According to a Greenpeace study: Wissing sees “unbeatable advantages” of flying

According to Greenpeace study
Wissing sees “unbeatable advantages” of flying

According to Greenpeace, air travel within Europe is usually cheaper than traveling by train. The NGO is calling for a Europe-wide kerosene tax to counteract this. Encouragement comes from Green politician Hofreiter. Federal Transport Minister Wissing draws different conclusions.

Federal Transport Minister Volker Wissing sees air travel as having an unbeatable advantage over rail travel. Rail traffic will always have a harder time compared to airplanes, Wissing told the newspapers of the Funke media group. “Anyone who wants to take the train to Spain or Portugal, for example, can quickly be on the road for more than a day and have to change trains several times. The plane has unbeatable advantages there.” The FDP politician was reacting to a publication by the environmental organization Greenpeace, according to which the train is often more expensive than the plane when traveling through Europe.

The transport minister explained that he is working with neighboring European countries to make cross-border rail transport more attractive. “However, this is not trivial: For example, there are different traction current and train protection systems in the individual countries, so that the locomotive has to be replaced every time at the border and the driver at the same time – because of different operating languages ​​and rules. In some countries there is a reservation obligation, in others not.” All of this affects the price. “It is all the more important that we become climate-neutral as quickly as possible when flying,” said Wissing.
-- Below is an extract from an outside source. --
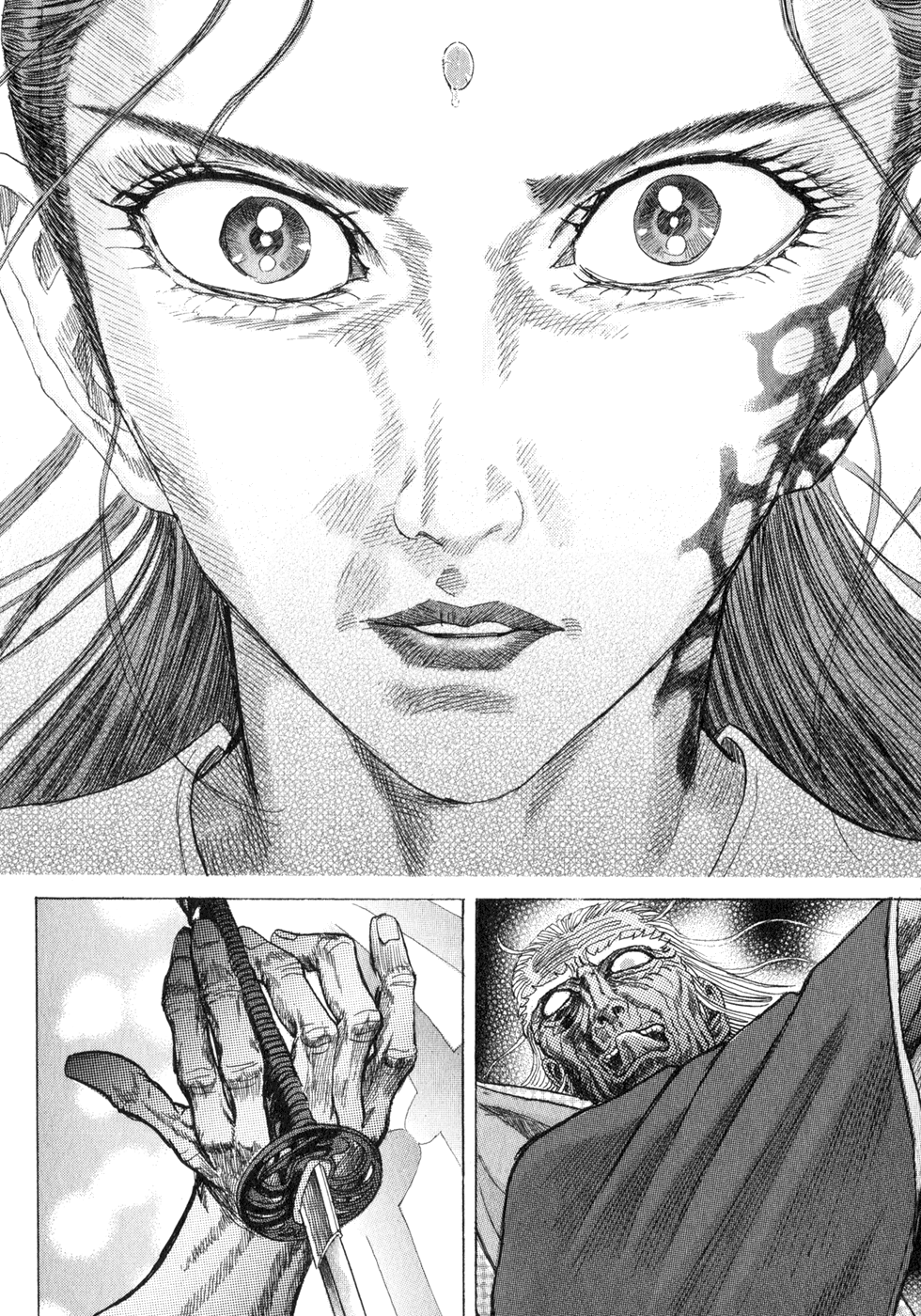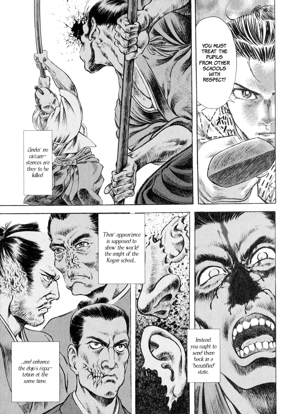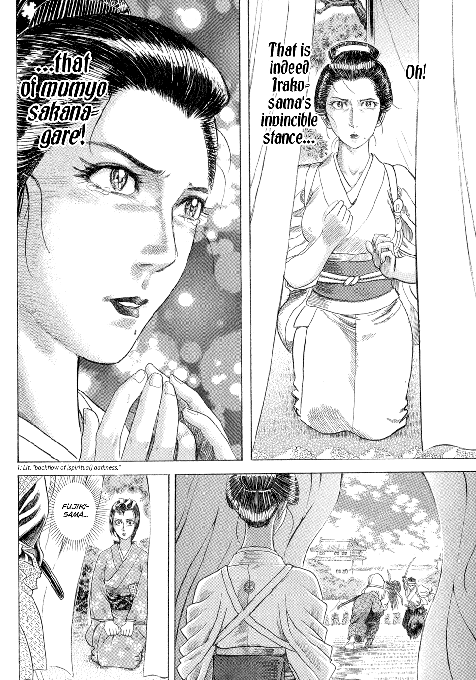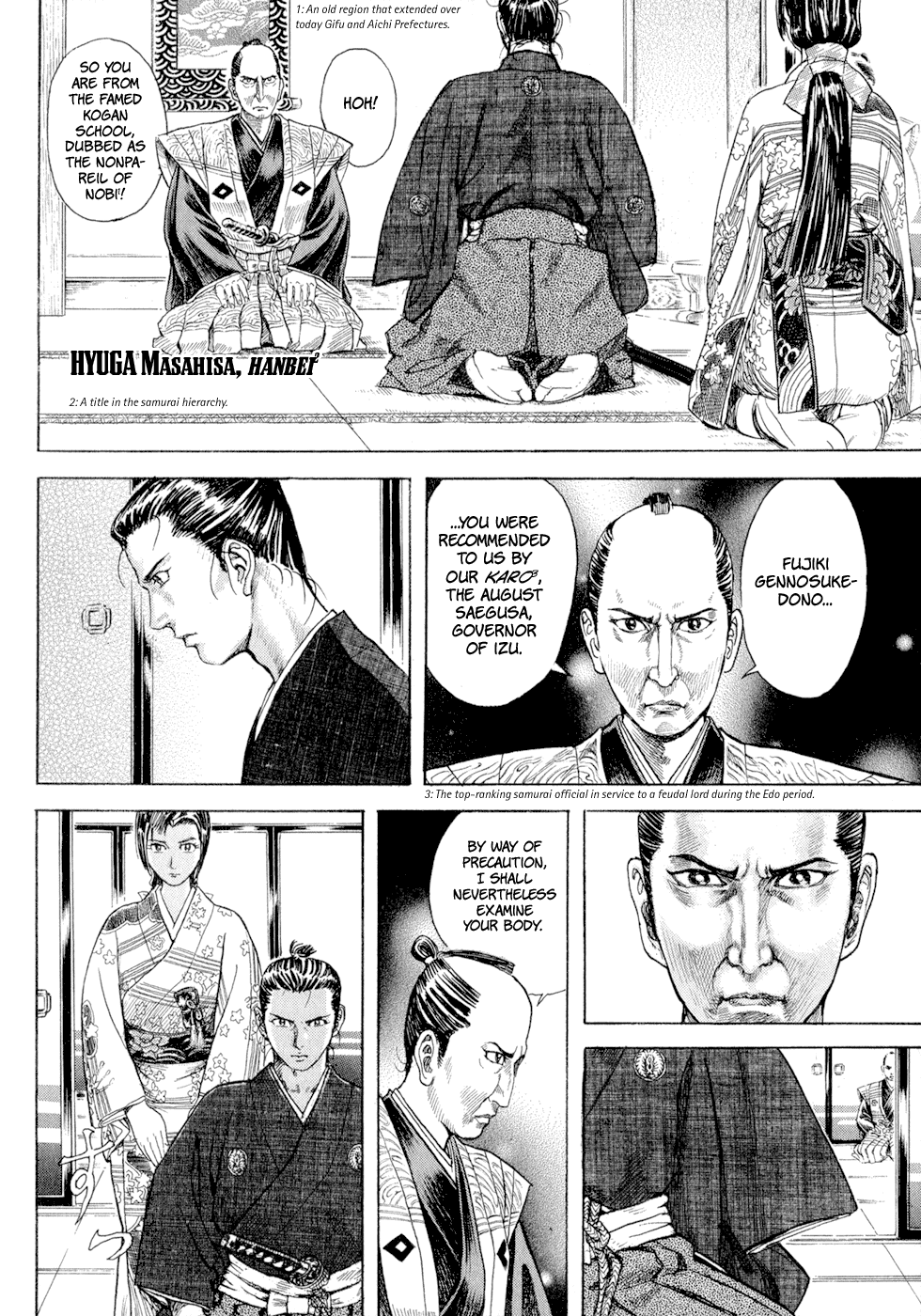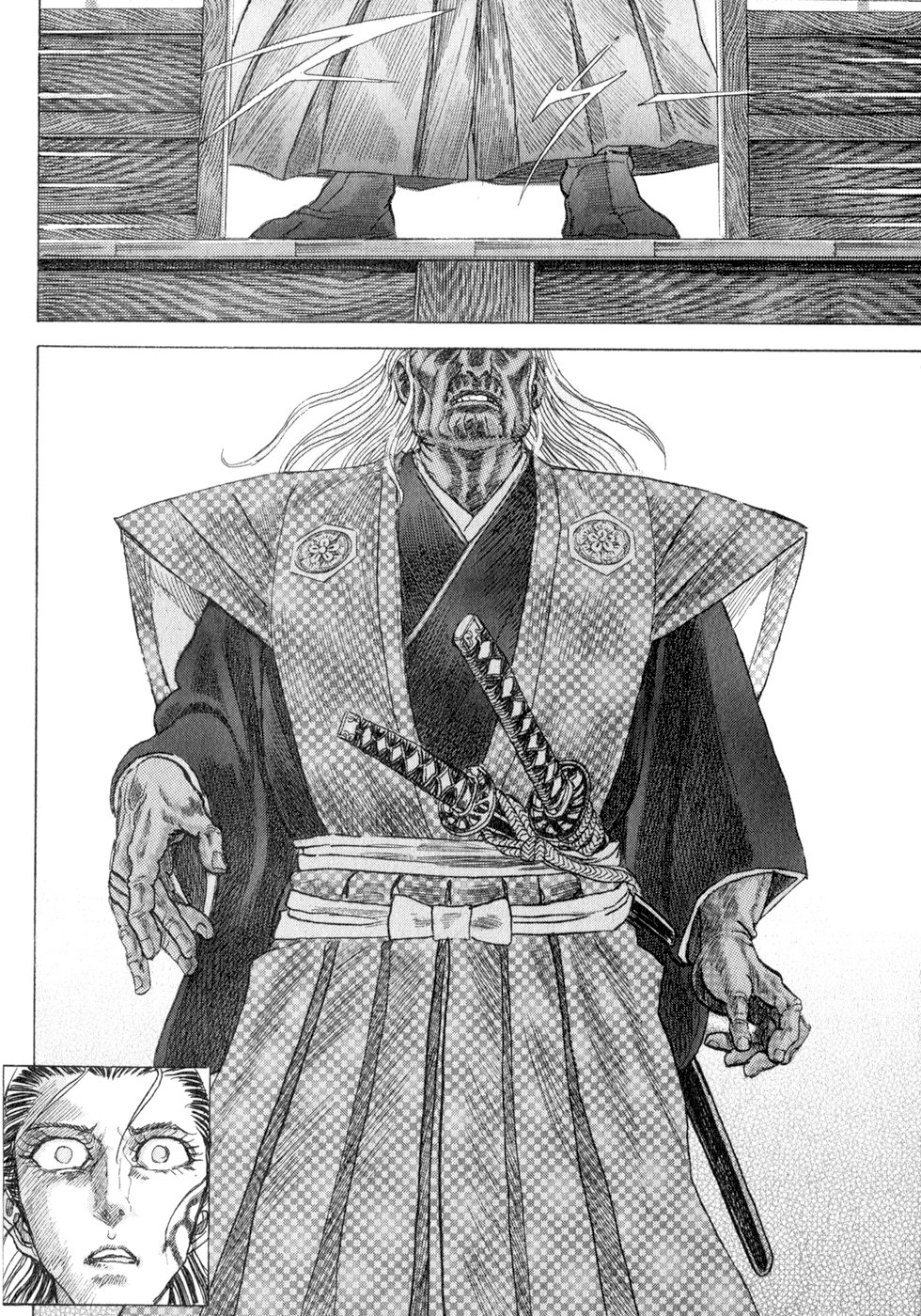 I read the novel for the first time and it's amazing how much the manga added. The story of Gennosuke and Seigen in the book is like 10 pages long and it's one of the less interesting stories; their whole rivalry is just about the women. Basically everything except the two's signature techniques is original to the manga.All the crazy details in this volume alone: the pressure point stuff, the "beautification," the bean-cutting initiation, Kogan being senile but still deadly. All manga-original.

Hofreiter: Lack of kerosene tax distorts prices

Greenpeace compared the ticket prices for planes and trains on 112 routes across Europe at several booking times. According to the organization, the train is 71 percent more expensive for customers than the more climate-damaging air connections. Of the 31 connections with start or end points in Germany, the train was more expensive in half of the cases. Greenpeace linked the study with the demand for a Europe-wide kerosene tax of 50 cents per liter.

The Green European politician Anton Hofreiter agreed with similar thoughts. “It remains a problem that climate-damaging subsidies and the lack of a European kerosene tax continue to distort prices,” Hofreiter told the newspapers of the Funke media group. “With the 49-euro ticket, traveling by train on regional trains has already become significantly cheaper. Now it’s time to improve long-distance transport as well,” Hofreiter demanded. “For this, massive investments must be made in the rail infrastructure in order to expand capacities and expand the range of services.”